The reason that I like these egos/artifacts in particular [not counting the zone artifacts, I’ll add those in later], is because they help with survival the most. Trust me, you aren’t meant to deal damage, you are meant to absorb as much of it as possible. This makes fighters and sun paladins very similar, however, in my opinion, sun paladins have a much easier time. I like to go with as much resistance to as wide of damage types as possible – magic WILL kill you [unlike with paladins]. Your armor will soak up a vast majority of the physical attacks, so you don’t need to worry too much about that.

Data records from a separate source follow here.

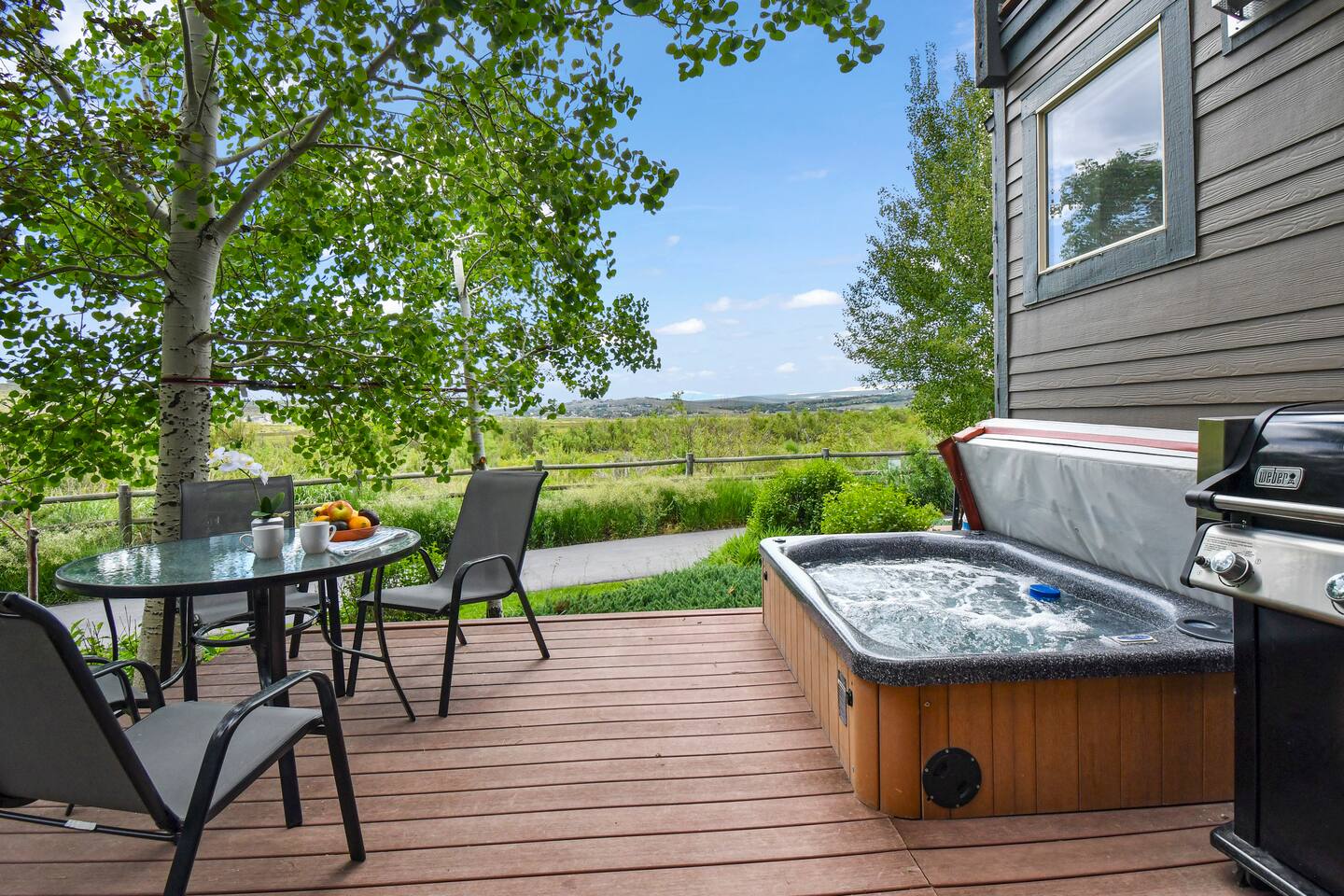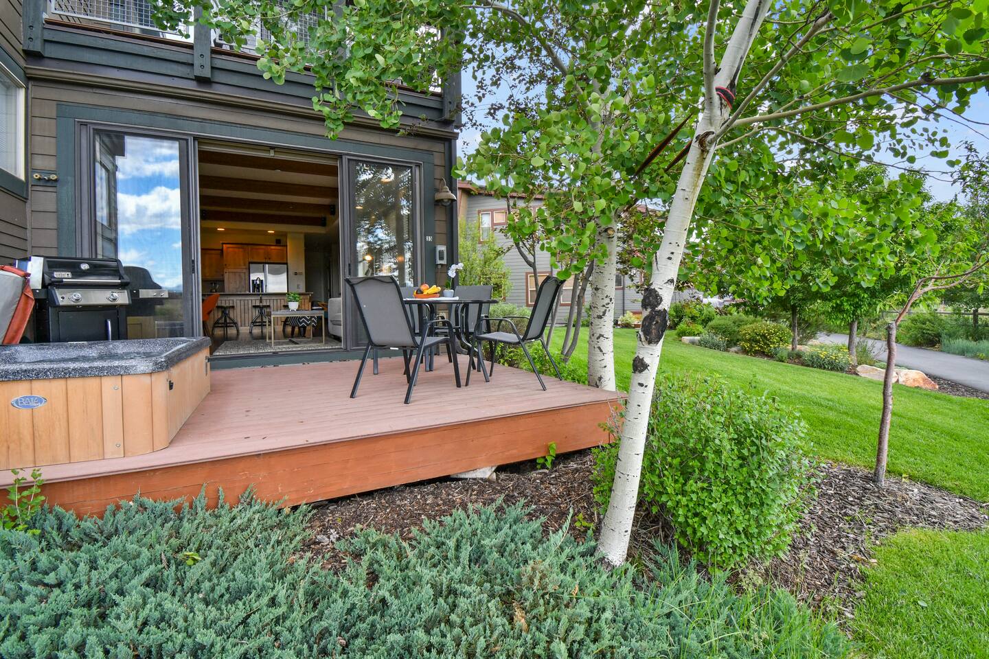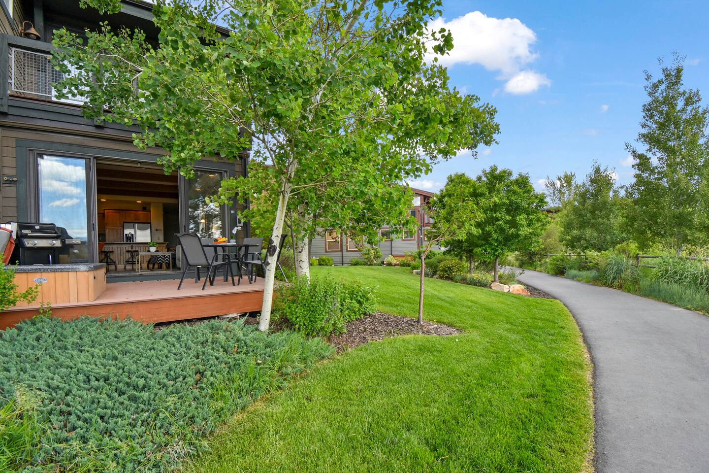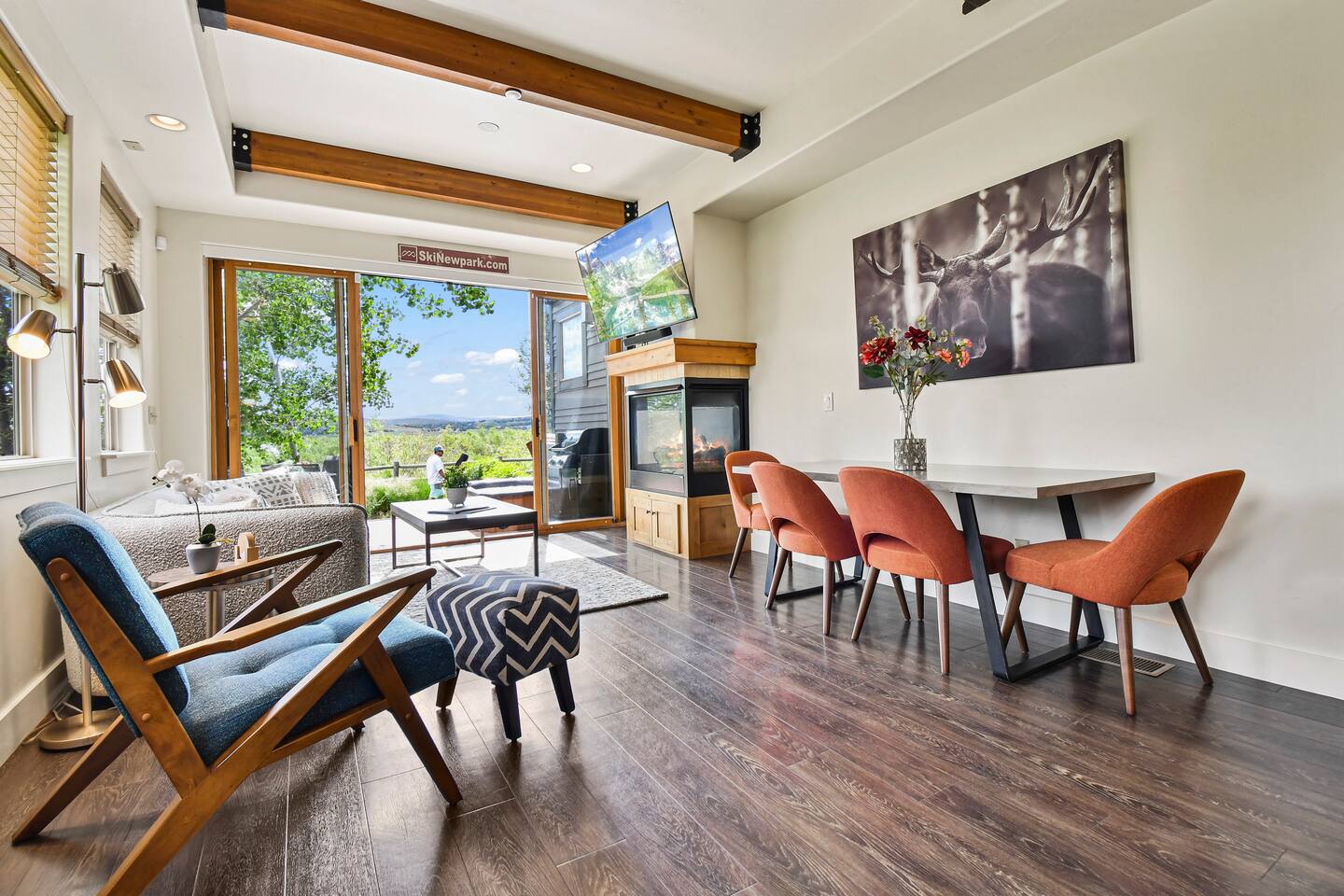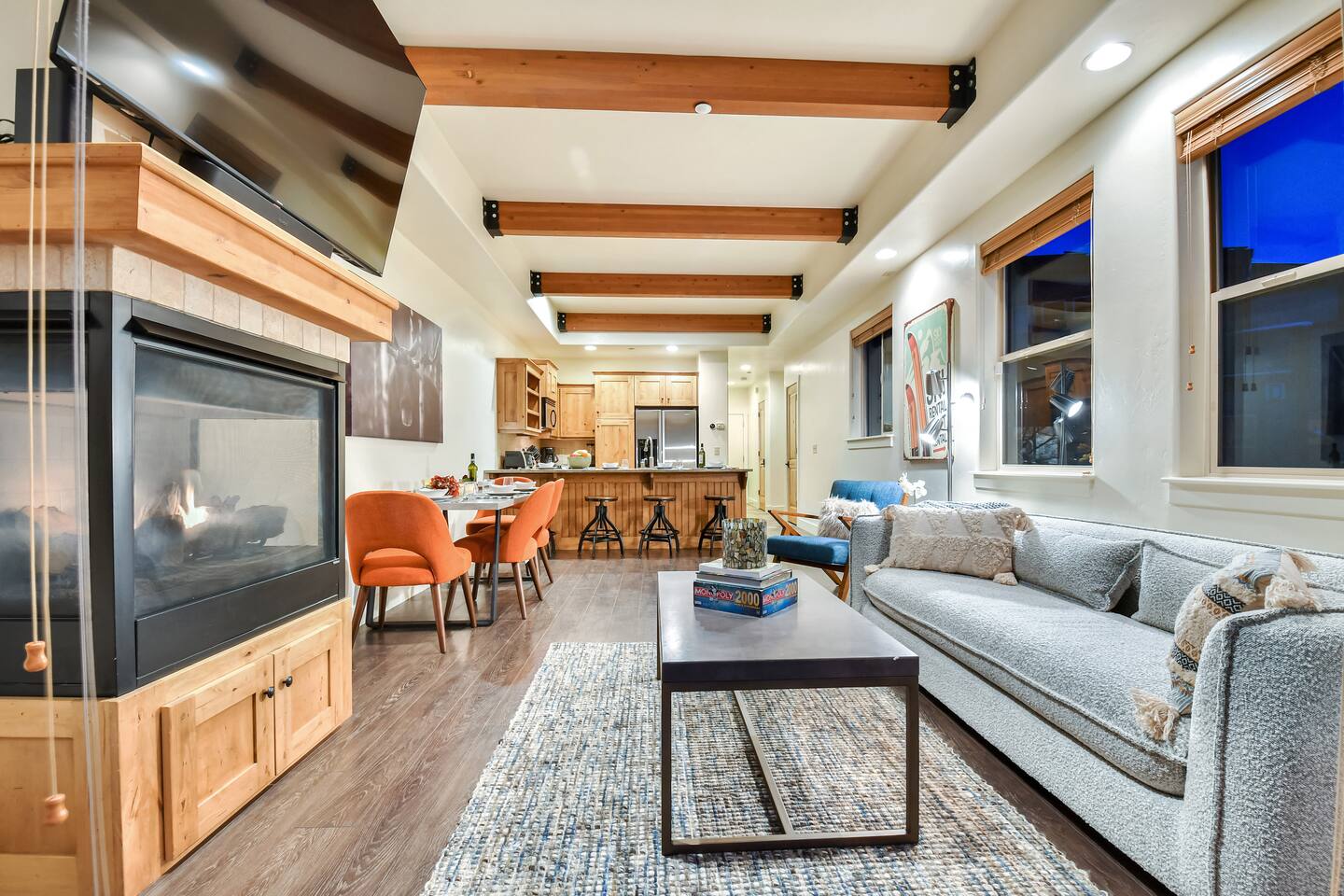 Recently purchased and newly furnished this spacious townhome accommodates 7. If more room is needed a similar size rental unit (#35) is available next door and can be offered at a discount (15%). Amenities include Keyless entry, 65’ & 55’ Smart TVs (2021), Sonos soundbar/speakers, Weber Grill, Hot tub, boot & glove warmer/dryer, broadband internet (200Mb), cable TV (125 channels), and premium streaming services (Showtime, HBO, Netflix, Prime, & Disney) The townhouse also has an attached garage that will fit a full size SUV although no car is needed at this location unless truly desired. It is walking distance to dozens of restaurants, grocery store, and shops within Kimball Junction. It is also a 1 minute walk to the bus stop for the free shuttle to Old Town, Historic Main Street, Utah Olympic Park, and 3 world class skis resorts - Canyons, Park City, and Deer Valley. Download the High Valley Transit app and get free “On Demand” micro-transit inside Kimball Junction and the Canyons Resort. THE LAYOUT You will enter the home from the garage and into the main living area - the living room, dining area, kitchen and first floor bathroom with shower. The bright & open floor plan with floor to ceiling windows overlooking Swaner Nature Preserve! Living Room: This comfortable and cozy space offers a sofa and chair, gas fireplace, 65” Smart TV with Sonos sounder/speakers and a private deck with stunning views and a hot tub. Kitchen: Fully equipped kitchen with all the utensils needed for your homemade meals. There are stainless steel appliances and granite counters, including kitchen bar seating for four. Dining Area: With seating for up to six (w/2 pull up bar stools) Bedrooms/Bathrooms: Master Bedroom (upper level) – King bed, 55” Smart TV with Sonos soundbar and private balcony overlooking Swaner Preserve. There is a full private bath with dual granite counter sinks and a tile shower. Bedroom 2 (upper level) – Queen bed, 55” Smart TV with Sonos soundbar and private deck and private bath with a tub/shower combo. Bunk room (upper level) - Upper level loft with a triple bunk bed. Full size bunk beds are perfect for children, grand-children, and grown adults alike. Hot Tub: Yes, private on main level deck Laundry: Stackable washer/dryer in upper level hall closet A/C: Central I am available to FaceTime to answer any questions in person. This home is in Park City, in Kimball Junction off of I-80.
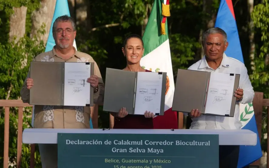 En Calakmul, la presidenta Sheinbaum, el primer ministro Briceño y el mandatario Arévalo firmaron este acuerdo trilateral para preservar 5.7 millones de hectáreas del corazón de Mesoamérica.
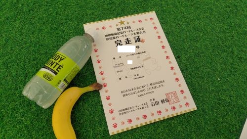 計測チップ回収してもらって、ボディメンテとバナナを受け取ったら表彰式してましたな。
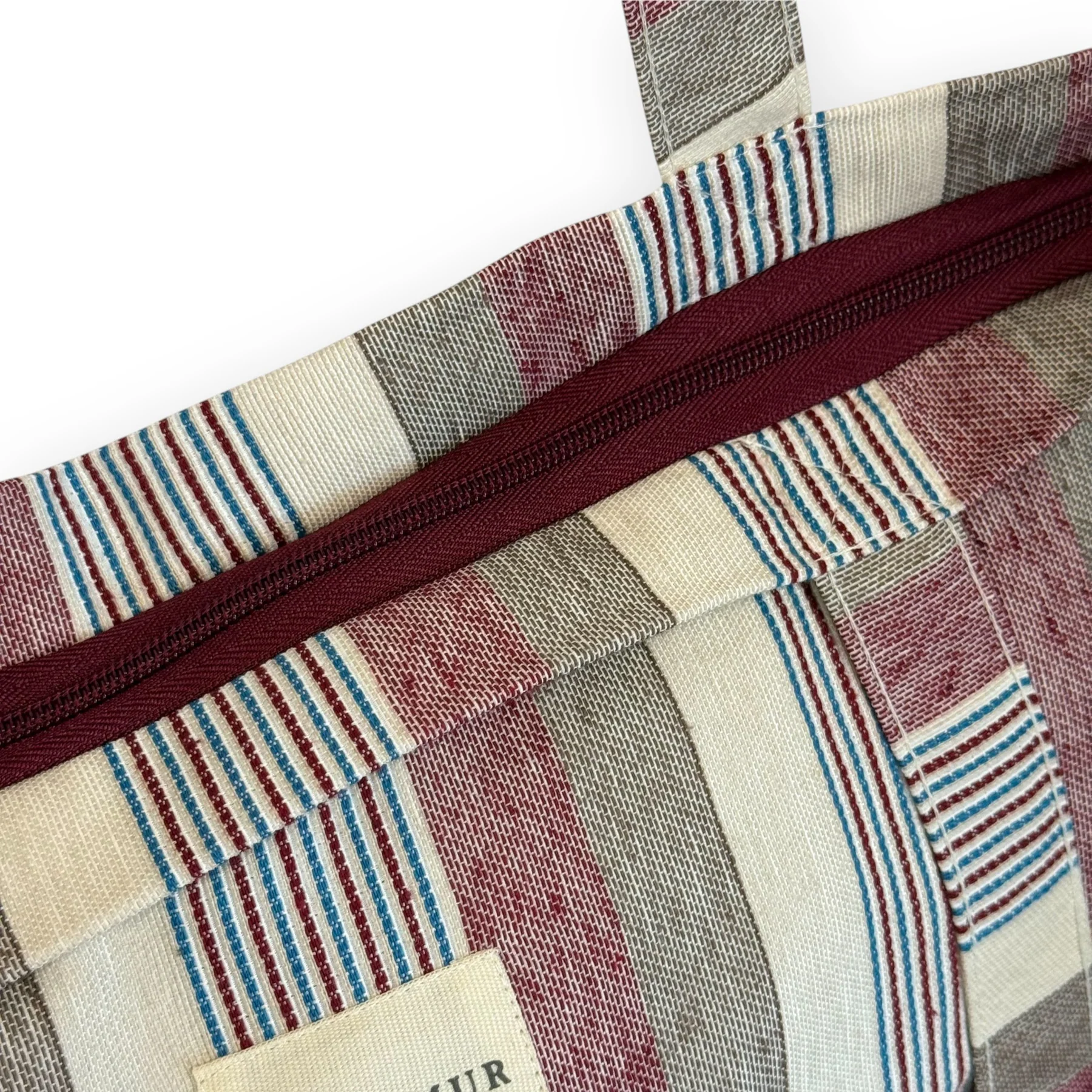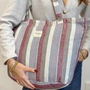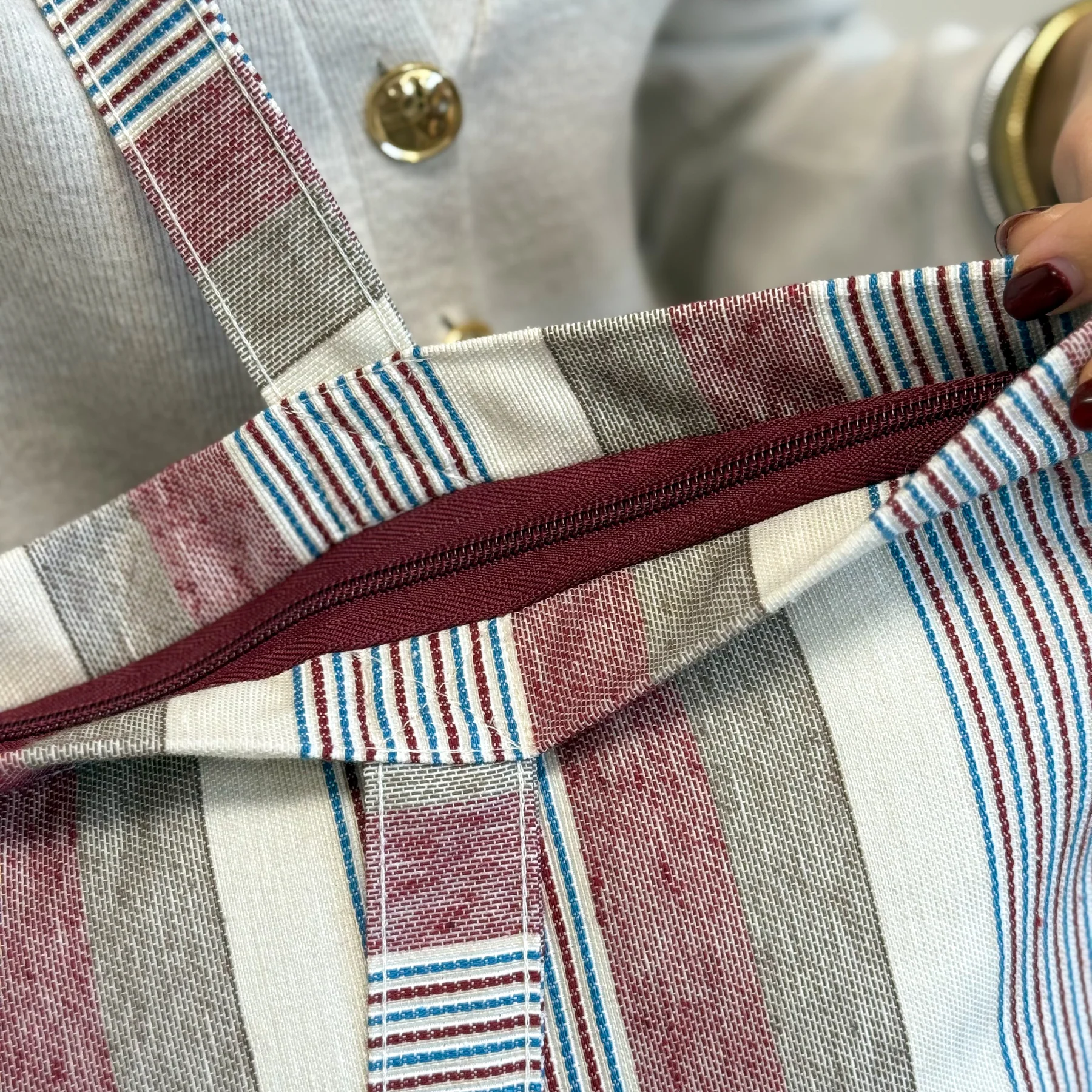Su diseño de rayas en tonos granate, azul, beige y crudo aporta un estilo elegante y atemporal que combina con todo, tanto con looks casual como más arreglados.

Unlike sun paladins who have to fight back because of using active or triggered talents, fighters survivability is almost entirely non drain inducing sustains, and passives. Fighters simply outlive their opponents, and in order to do that, you need as much resistance and hp as possible.

This will probably be rewritten or at least reformatted as I go into more and more class builds; and decide on the best approach to display and write them. Thank you for your time, and you can expect a write up again in probably a week or two. I hope this helps, if you have any questions or comments, feel free and again, I’ll post another one up soon.